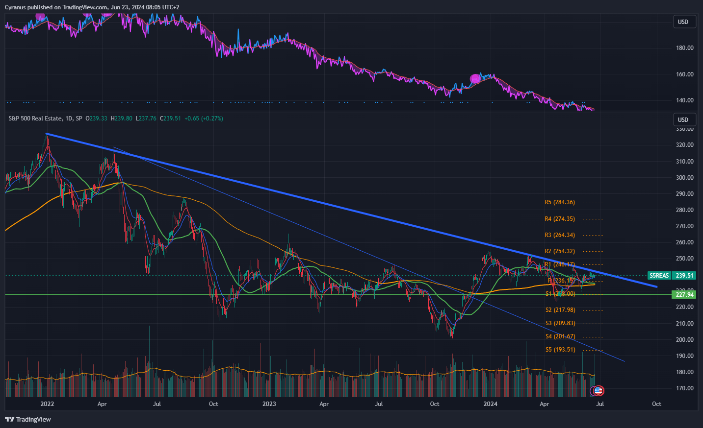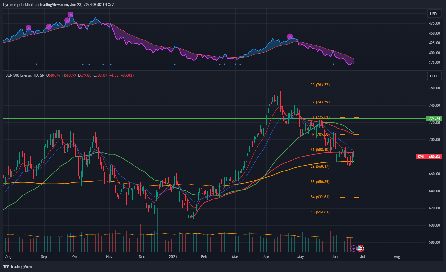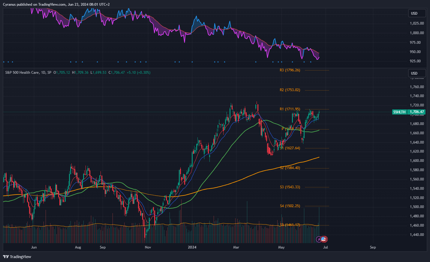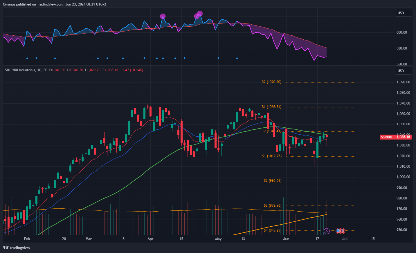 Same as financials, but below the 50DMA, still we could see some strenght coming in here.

══════

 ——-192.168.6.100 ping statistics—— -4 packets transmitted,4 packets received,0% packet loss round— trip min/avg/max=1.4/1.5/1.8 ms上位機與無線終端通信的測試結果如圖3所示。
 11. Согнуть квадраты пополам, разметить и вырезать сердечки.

══════

#### WHAT YOU ARE ASKED TO DO:
Using the records above, set down exactly the lines from the one with "trip min/avg/max=1.4/1.5/1.8 ms上位機與無線終端通信的測試結果如圖3所示。" through the one with "11. Согнуть квадраты", inclusive, and nothing more.

#### YOUR SOLUTION:
 ——-192.168.6.100 ping statistics—— -4 packets transmitted,4 packets received,0% packet loss round— trip min/avg/max=1.4/1.5/1.8 ms上位機與無線終端通信的測試結果如圖3所示。
 11. Согнуть квадраты пополам, разметить и вырезать сердечки.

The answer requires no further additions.